# RECORDS FOR THIS EXERCISE

Start of Block

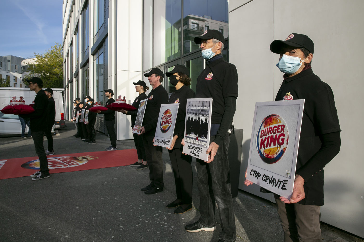 ACTION AGAINST ANIMAL CRUELTY HELD BY L214 ASSOCIATION AT BURGER KING HEAD QUARTERS
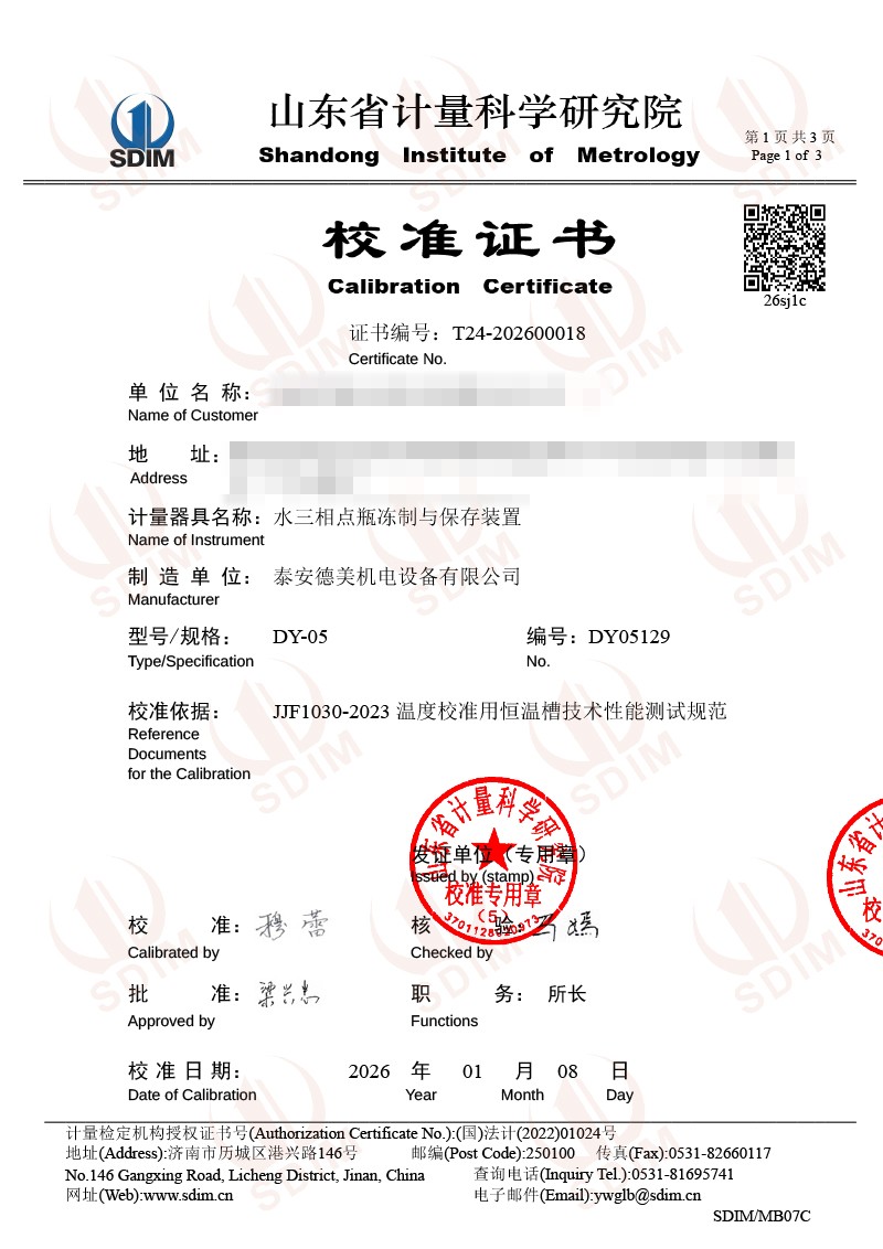 水三相點(diǎn)瓶?jī)鲋婆c保存裝置校準(zhǔn)證書(shū) 2026-1-13 本文被閱讀 62 次
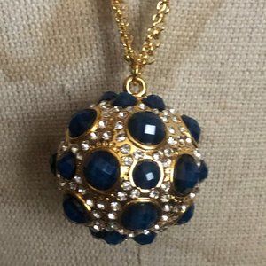 Large lobster clasp closure, double chain strands, gold, large ball pendant covered in clear/white rhinestone and lapis blue-colored faceted stones.
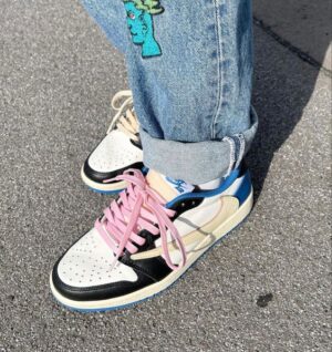 The AJ Jordan 1 Low Travis Scott Fragment sports the iconic colorway of the Japanese brand on a premium leather structure: there is a white base with blue and black inserts. Note the famous cream-colored inverted swoosh of La Flame that matches the laces and midsole. To finalize this design, the signatures of the collaborators are present on the heel.
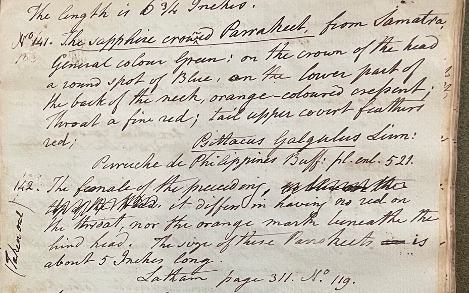 Charles Willson Peale (1741-1827) wrote, in his 16th Lecture (ca. 1799): "No. 141. The sapphire crowned Parrakeet. from Samatra [=Sumatra, Indonesia]. General colour green; on the crown of the head a round spot of Blue; on the lower part of the back of the neck, orange-coloured cressent; throat a fine red; tail upper covert feathers red. Psittacus galgulus Linn. Parruche de Philippines Buff. pl. enl. 520. No. 142. The female of the preceeding. it differs in having no red on the throat, nor the orange mark beneath the hind head. The size of these Parrakeets is about 5 Inches long. Latham page 311. No. 119. A note in the margin of the entry for the female reads: "(Taken out)." (Academy of Natural Sciences of Drexel University Archives, coll. 40)
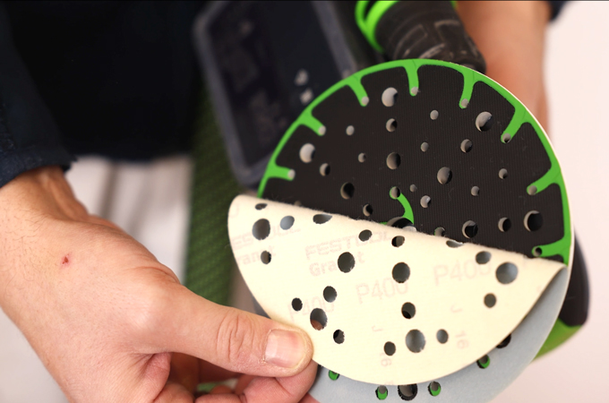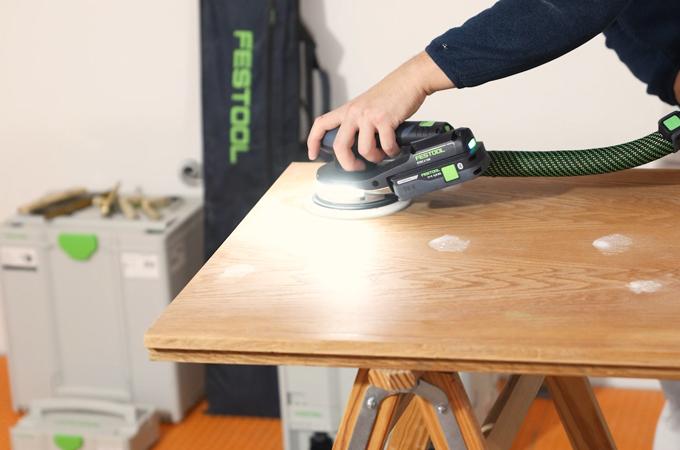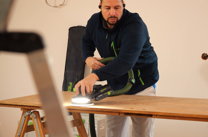 Now we sand the door. To do this, we use an Eccentric sander - ideally the ETSC 2 150 - to achieve an even and high-quality surface finish. We recommend using Granat universal sandpaper with a grit size of P180 as the abrasive. This ensures that both sides of the door leaf are sanded evenly. Thanks to the integrated light, any unevenness or damage to the surface of the door can be recognised directly and marked with a Pin if necessary.
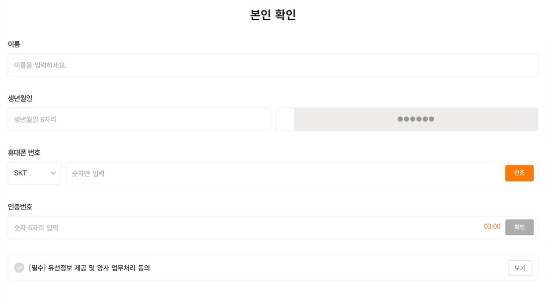 우선 ‘이사 신청’ 클릭 후 나타난 팝업창에서 본인 확인 절차와 필수 동의 사항을 확인해주세요.
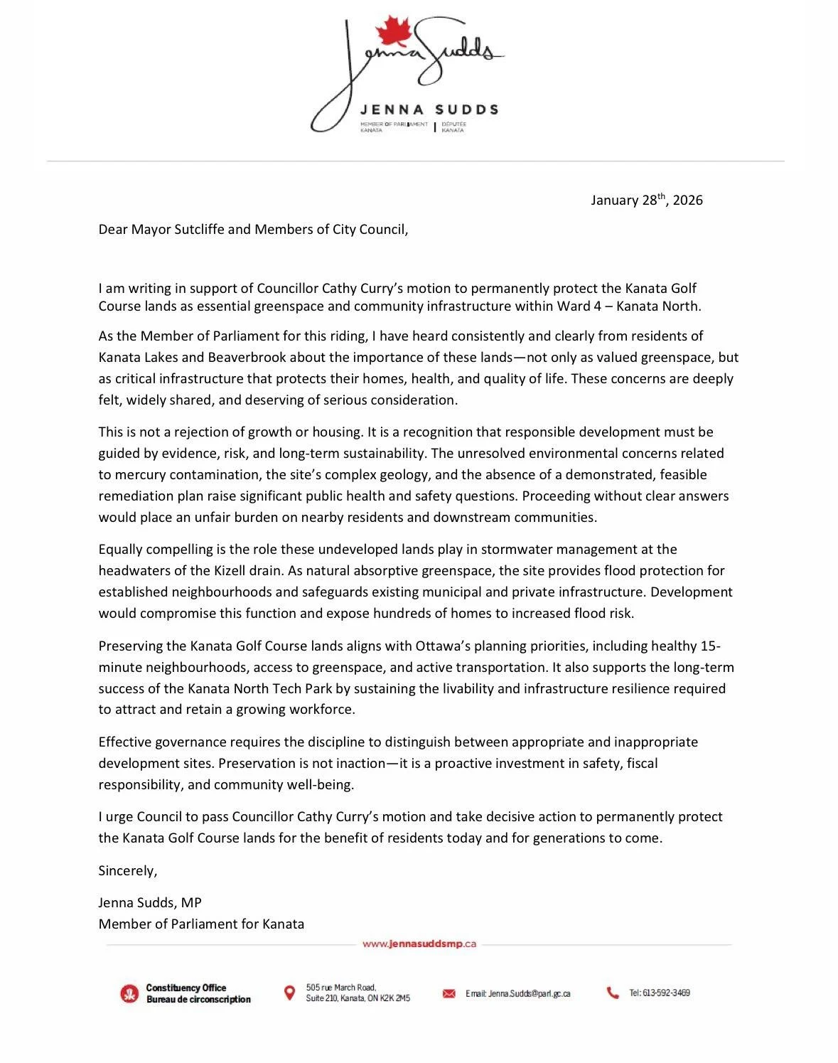 I will continue to support the works of Councillor Cathy Curry, and all of City Council as they oppose the development of the Kanata Lakes Golf Course. Thank you Cathy for your leadership. I stand with you.

End of Block

# EXERCISE INSTRUCTIONS
A verbatim copy of the material, pictures excluded, is what must be produced.

# SOLVED EXERCISE
 ACTION AGAINST ANIMAL CRUELTY HELD BY L214 ASSOCIATION AT BURGER KING HEAD QUARTERS
 水三相點(diǎn)瓶?jī)鲋婆c保存裝置校準(zhǔn)證書(shū) 2026-1-13 本文被閱讀 62 次
 Large lobster clasp closure, double chain strands, gold, large ball pendant covered in clear/white rhinestone and lapis blue-colored faceted stones.
 The AJ Jordan 1 Low Travis Scott Fragment sports the iconic colorway of the Japanese brand on a premium leather structure: there is a white base with blue and black inserts. Note the famous cream-colored inverted swoosh of La Flame that matches the laces and midsole. To finalize this design, the signatures of the collaborators are present on the heel.
 Charles Willson Peale (1741-1827) wrote, in his 16th Lecture (ca. 1799): "No. 141. The sapphire crowned Parrakeet. from Samatra [=Sumatra, Indonesia]. General colour green; on the crown of the head a round spot of Blue; on the lower part of the back of the neck, orange-coloured cressent; throat a fine red; tail upper covert feathers red. Psittacus galgulus Linn. Parruche de Philippines Buff. pl. enl. 520. No. 142. The female of the preceeding. it differs in having no red on the throat, nor the orange mark beneath the hind head. The size of these Parrakeets is about 5 Inches long. Latham page 311. No. 119. A note in the margin of the entry for the female reads: "(Taken out)." (Academy of Natural Sciences of Drexel University Archives, coll. 40)
 Now we sand the door. To do this, we use an Eccentric sander - ideally the ETSC 2 150 - to achieve an even and high-quality surface finish. We recommend using Granat universal sandpaper with a grit size of P180 as the abrasive. This ensures that both sides of the door leaf are sanded evenly. Thanks to the integrated light, any unevenness or damage to the surface of the door can be recognised directly and marked with a Pin if necessary.
 우선 ‘이사 신청’ 클릭 후 나타난 팝업창에서 본인 확인 절차와 필수 동의 사항을 확인해주세요.
 I will continue to support the works of Councillor Cathy Curry, and all of City Council as they oppose the development of the Kanata Lakes Golf Course. Thank you Cathy for your leadership. I stand with you.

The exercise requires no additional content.